Patient 1 | Patient 2 | |
---|---|---|
Age years | 48 | 55 |
Gender | F | M |
Education years | 10 | 14 |
Handedness | Right | Right |
Occupation | Homemaker | Unemployed |
Minimental Status Exam | 24/30 | 23/30 |
Trail Making Test-A (seconds) | 99 | 154 |
Trail Making Test-B (seconds) | 278 | na |
WAIS-R* Digit Symbol (raw total) | 23 | 11 |
10 word list | ||
-3 learning trials | 2--3--3 | 2--3--3 |
-spontaneous recall | 1 | 0 |
-true positive recognition | 7 | 1 |
-true negative recognition | 9 | 10 |
Complex Figure Test-copy | 18.5 | 16.5 |
-recall (%) | 5 (27%) | 0 (0%) |
Animal fluency (1 minute) | 8 | 3 |
Wisconsin Cart Sorting Test | ||
-Categories | 1 | 0 |
perseverative responses (%) | 28 (58.3%) | 47 (97.9%) |
FAS letter fluency | 15 | 2 |
Frontal Behavioral Inventory | 34/72 | 54/72 |
WAIS-R = Wechsler Adult Intelligence Scale-Revised
Patient III:16 (Index patient) began to express noticeable behavioral and personality changes at age 47, starting with sexual and social dis-inhibition, mood changes and neglect of personal hygiene. In addition, her abstract reasoning, decision-making, planning and judgment decreased severely. Her brother (patient III:10), presented behavioral changes at the age of 50. He became apathetic, showed progressive memory loss and obsessive compulsive behaviors. Later, he suffered from insomnia, presented motor and phonetic tics, and seizures characterized by versive head movement, gaze deviation, and speech arrest. The older sister (patient III:14), started showing personality changes, dis-inhibition and progressive memory loss at the age of 45. She emits guttural speech sounds and presents similar seizures as her brother characterized by a versive head, eye motions and speech arrest. All three patients’ functionality has been reduced to only basic self-caring activities.

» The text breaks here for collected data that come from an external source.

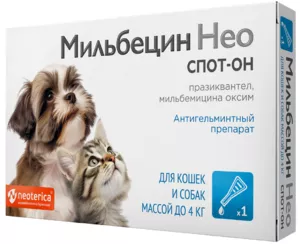 Антигельминтный капли спот-он широкого спектра действия для лечения и профилактики нематодозов и цестодозов у кошек и собак.
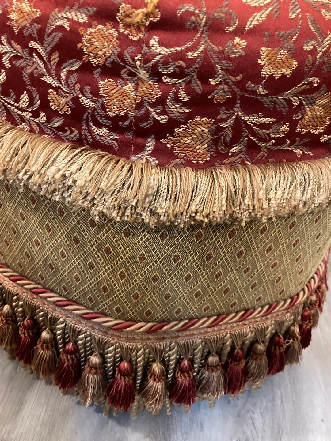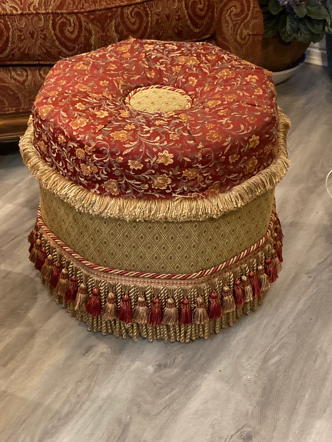 This is a beautiful decorative ottoman or footstool, perfect for adding a touch of elegance to any room! It features a red and gold floral pattern on top, with a decorative fringe trim around the base. It's in great condition and ready for a new home!
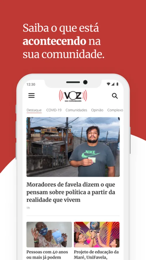 * Jornal: todo o conteúdo do jornal do Voz das Comunidades é fácil de acessar, ler, salvar e compartilhar
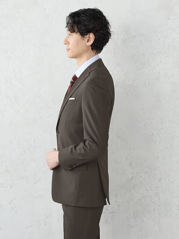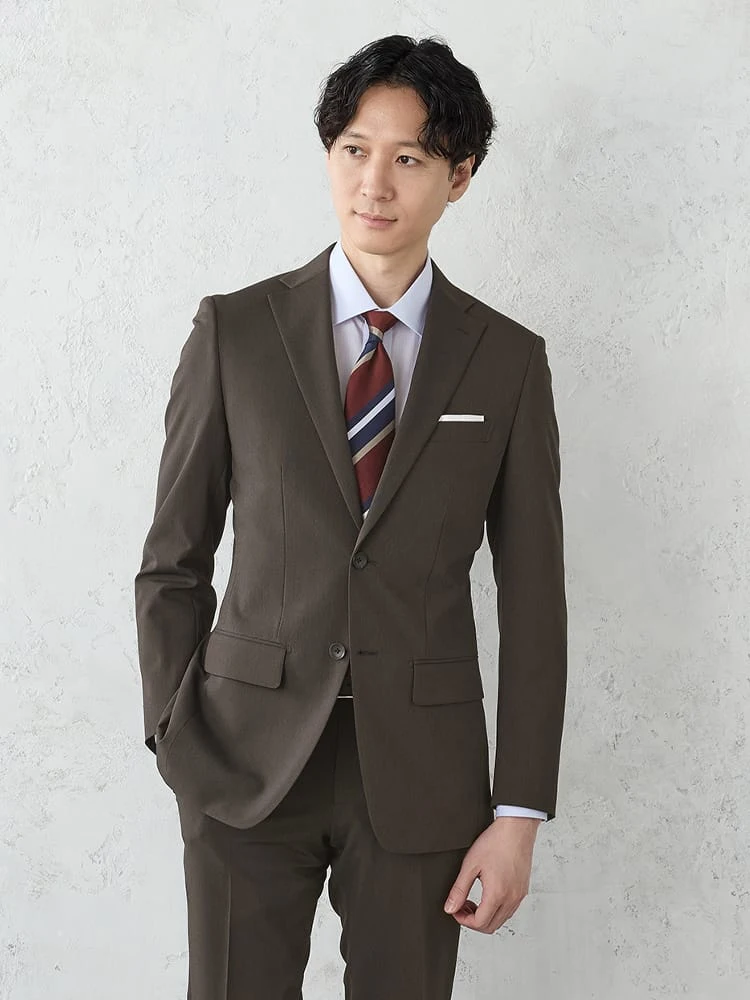 【上下洗える/高通気】WEB限定スーツ4WAYストレッチウィンドペンブラウン

3.2 Identification of a nonsense mutation in TREM2
Two patients (III:10 and III:14) and two controls (III:11 and III:12) from the Colombian family were sequenced using the Illumina’s 62Mb Truseq Exome Enrichment Kit. Variants identified by next generation sequencing were filtered by dbSNP135, the 1000 genomes project and an in-house list of exomes. Only variants homozygous in the two patients were further prioritized. This lead to the identification of a nonsense mutation in exon 4 of the gene TREM2, that leads to premature truncation of the protein (c.594G>A;p.Trp198X). We confirmed the presence of the mutation in the patients by Sanger sequencing, and subsequently checked the inheritance of the mutation in the family (Figure 2).
No possible disease-causing variants were detected in the known FTLD genes (GRN, MAPT, VCP, CHMP2B, TARDP or C9ORF72 and TMEM106B). In addition, all family members were APOE E3/E3 homozygotes.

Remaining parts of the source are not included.